Mastung tragedy victims laid to rest

By AFP
January 24, 2014

QUETTA: The victims of the Mastung suicide attack were laid to rest in two graveyards of the city on Friday. 22 victims...

QUETTA: The victims of the Mastung suicide attack were laid to rest in two graveyards of the city on Friday.

22 victims belonging to the Hazara community were laid to rest at the Bahisht-e-Zainab graveyard while four were buried at the Hazara Town graveyard.

Grief-stricken mourners of the Hazara community had refused to bury their dead after a roadside blast on Tuesday hit a bus around 60 kilometres (40 miles) west of Quetta, the capital of Balochistan province. Over a two-day protest, up to 2,000 people, most of them Hazara’s, demonstrated in freezing temperatures on Quetta´s busy Alamdar Road with the bodies of the bombing victims, refusing to bury them until action was taken against militants.

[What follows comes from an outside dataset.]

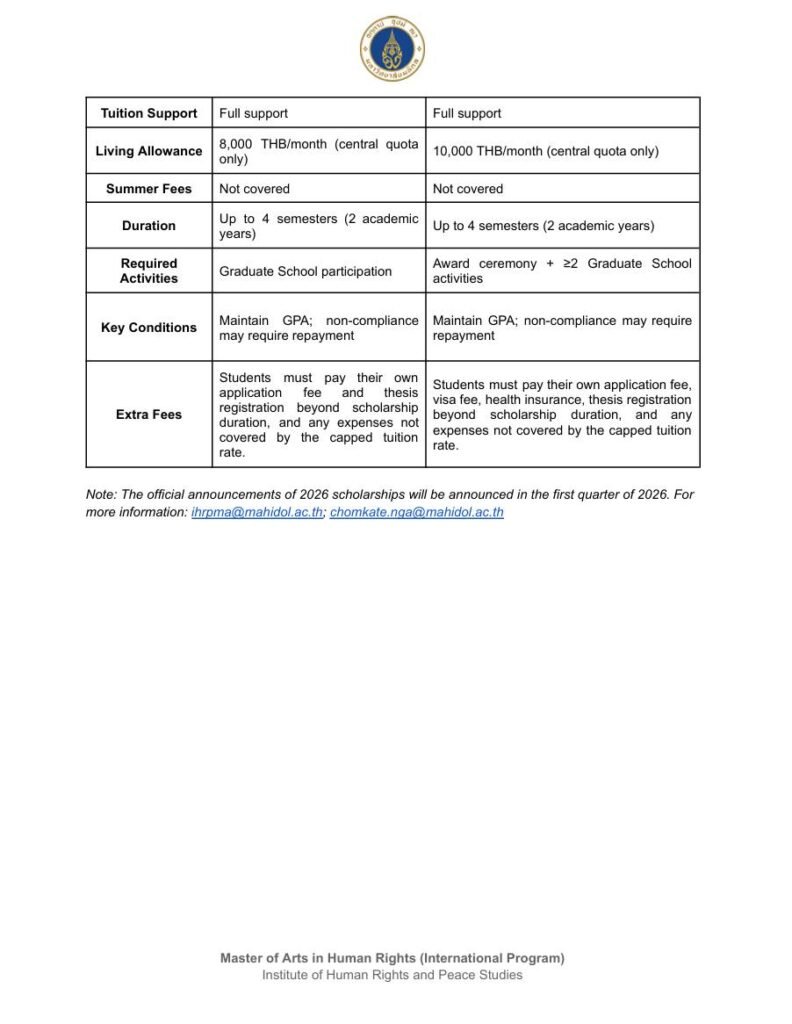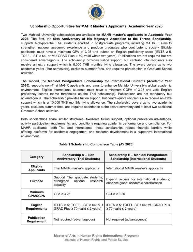 Mahidol တက္ကသိုလ် Institute of Human Rights and Peace Studies (IHRP) ကနေ ၂၀၂၆ ခုနှစ်မှာ တက်ရောက်မယ့် နိုင်ငံတကာ ကျောင်းသားတွေအတွက် စကောလားရှစ် အစီအစဉ်ရှိပါတယ်။

There were also demonstrations in Karachi, Lahore, Multan and Rawalpindi.

A delegation of federal ministers was flown to Quetta on Thursday to persuade the angry demonstrators to end the protest. The delegation, lead by the interior minister Chaudhry Nisar Ali Khan, held meetings with representatives of the Hazara community and leaders of Shia religious parties.

Abdul Khaliq Hazara, chairman of Hazara Democratic Party, said after negotiations that demonstrators had agreed to end their protest. "We thank all the people who held protest demonstrations across the country to express their solidarity with us and we appeal to them to end their protests peacefully," he added.

Nisar said a targeted operation would be conducted against those behind the bombing."We will bring the terrorists to book," he told the grief-stricken gathering, saying all efforts would be made to restore the order in the province. "I stand by the Hazara community in this hour of grief and trial," he said.

The militant outfit Lashkar-e-Jhangvi (LeJ) has claimed responsibility for Tuesday´s attack.